Sehr viel breiter ausgearbeitet findet sich das Bild von Gott als dem DJ dann in dem ungleich bekannteren Lied von Pink, in dem der Refrain lautet: „If God is a DJ, life is a Dance-Floor, Love is the rythm, you are the music.“ Erzählt wird von einem faszinierenden unangepassten Mädchen aus der Unterschicht, „been the outcast never running with mascara eyes“. Ihr scheint alles egal zu sein ob Liebe oder Hass, „fuck you“. Aber sie sucht nach etwas anderem, „a new life style“, nirwana, und das volle Leben. Wickipedia: „It is about letting go, loving life, and living it to the fullest.“ Das Video inszeniert das Mädchen auf ihrem Weg in die Disco, sexy, orgienmäßig. Das Lied endet: „you get, what you‘re given it’s all how you use it.“
Klar: Hier geht es eigentlich weniger um den Gott, den man kennt und von dem nunmehr ein Bild als DJ gezeichnet wird.

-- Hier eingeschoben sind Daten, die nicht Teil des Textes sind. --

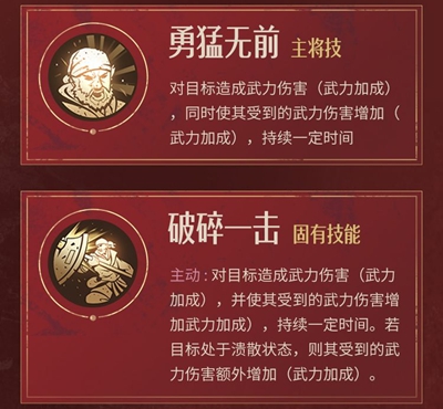 主动:对目标造成武力伤害(武力加成),并使其受到的武力伤害增加武力加成),持续一定时间。若目标处于溃散状态,则其受到的武力伤害额外增加(武力加成)
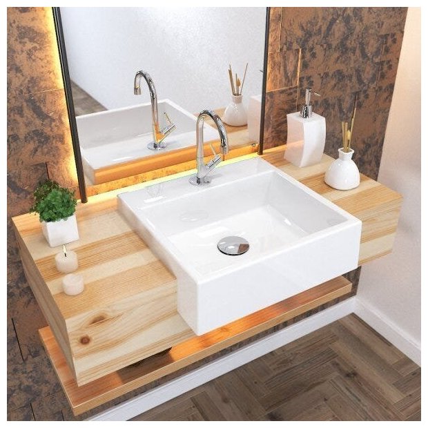 1 Cuba de Apoio + 1 Torneira de mesa baixa + 1 Válvula de Escoamento Clik Up

Es geht nicht um ein Gleichnis, nicht darum Gott im Sinne christlicher Verkündigung irgendwie plausibel zu machen. Nein: es geht um das volle Leben der jungen Menschen, einer Generation, als das reale Leben in einer Disco. Die Atmosphäre der Disco wird gefeiert als eine Welt in Fülle und dies wird durch die Metapher des Gottes als DJ geheiligt. Tatsächlich wird das Gottesbild auf den real wirkenden Discjockey übertragen. Die Kirche um die es bei Faithless geht ist nichts anderes als die Disco. In ihr werden die Leiden geheilt und aus Feinden werden Freunde. So sehr hier Gott als der DJ verstanden wird zu sehr wird im Grunde genommen der reale DJ vergottet. Gleichwohl wird das Bild im Refrain auf das Leben übertragen: das Leben ist ein Tanzboden, Liebe ist der Rhythmus und du bist die Musik. Irgendwie übersteigt dieses Bild denn doch die Realität der Disco und verklärt die real erlebte Welt jungen Menschen. Gott legt die Platten auf aber wir sind die Musik und tanzen.